The 3 mi long, 7745 ft elevation, 230 acre, and 200 ft max depth Lake Alice is the largest natural lake found in the western portion of the Bridger-Teton National Forest in the state of Wyoming. It is a unique lake that was created thousands of years ago when a massive landslide peeled from the 9,325 ft Lake Mountain and dammed Poker Creek with debris. The lake's outlet flows below the surface through the natural dam and emerges from the mountain as a creek 1 mi away. The mountainside scar from the landslide is still visible today.
Lake Alice is the home of the only known pure lake strain of naturally reproducing Bonneville cutthroat trout caused by the isolation of the landslide preventing outside genetic influence. At one time the subspecies was thought to be extinct in Wyoming.

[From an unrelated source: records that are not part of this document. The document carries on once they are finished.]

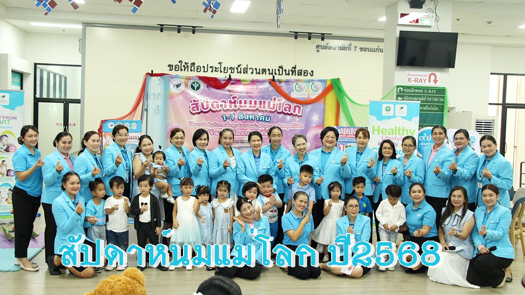 (มีคลิปข่าว)เมื่อวันที่ 6 สิ่งหาคม 2568 ณ ห้องโถงชั้น 1 อาคารโรงพยาบาลศูนย์อนามัยที่ 7 ขอนแก่น ได้มีพิธีเปิดงานสัปดาห์นมแม่โลก ปี2568 การส่งเสริมสนับสนุนปกป้องการเลี้ยงลูกด้วยนมแม่ มี ดร.พญ.สุจิรา ขวาแช้น ผู้อำนวยการโรงพยาบาลศูนย์อนามัยที่ 7 ขอนแก่น เป็นประธานเปิด มีดร.ปิยะนันท์ โพธิ์ชัย พยาบาลวิชาชีพชำนาญการพิเศษ หัวหน้ากลุ่มพยาบาล กล่าวถึงวัตถุประสงค์ของการจัดงาน ภายในงานมีเวทีเสวนาส่งเสริมความรู้ความเข้าใจเกี่ยวกับการเลี้ยงลูกด้วยนมแม่แล้ว ยังมีการมอบเกียรติบัตรเพื่อเชิดชูเกียรติแก่บุคคลที่มีส่วนร่วมในการส่งเสริม การเลี้ยงลูกด้วยนมแม่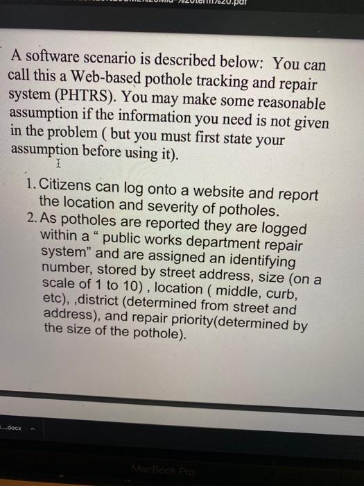 PRESSMAN BOOKS QUESTION SOLUTION Chapter 1 - Academia.edu Develop a swimlane diagram for one or more aspects of PHTRS Step 1 of 3 The department of public works for a city has decided to develop a web-based Pot Hole Tracking and Repair System (PHTRS). One of the use case scenario for the system is:- Use Case: Report Pothole Primary Actor: Citizen Goal in Context: To report a pothole with damage to ...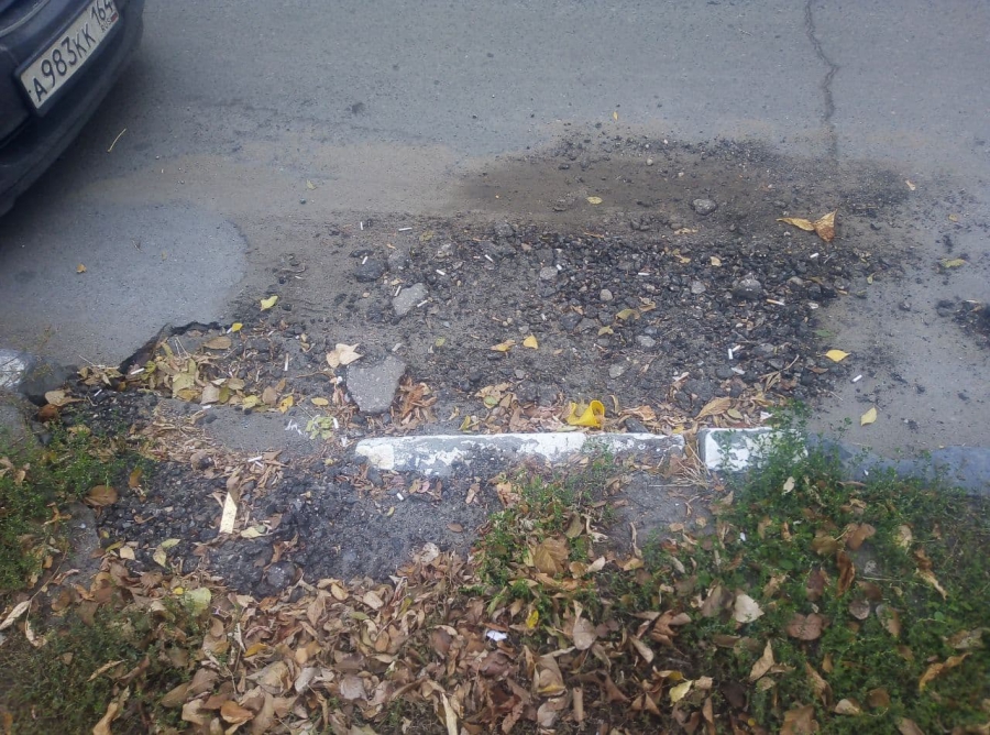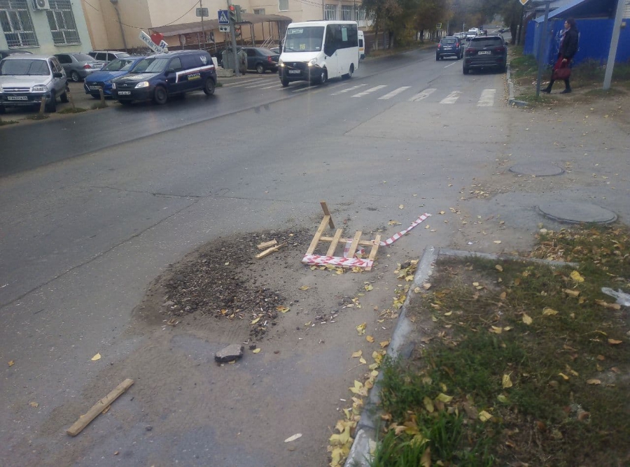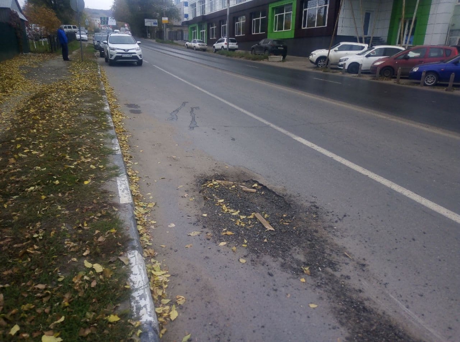 На участке улицы Технической от проспекта 50 лет Октября до Мельничной образовалось три провала по крайней правой полосе дороги.

The nearest city is Cokeville, Wyoming about 34 mi to the southwest. Access to the lake requires traversing a winding 28 mi dirt mountain road, and fording a creek with water as deep as 18 in in the spring time. A high clearance vehicle is recommended. The road ends at Hobble Creek campground and from there a 1.5 mi hike up a moderately steep mountain trail is required to reach Lake Alice. Nine primitive tent campsites are available though camping is not restricted to a campsite.

Multiple drownings have occurred at the lake which is named after a young girl who drowned in the early 1900s. The most recent drowning occurred on August 12, 2019. Schuyler McKnight, 22, drowned while canoeing at the lake. His body was recovered 41 days later.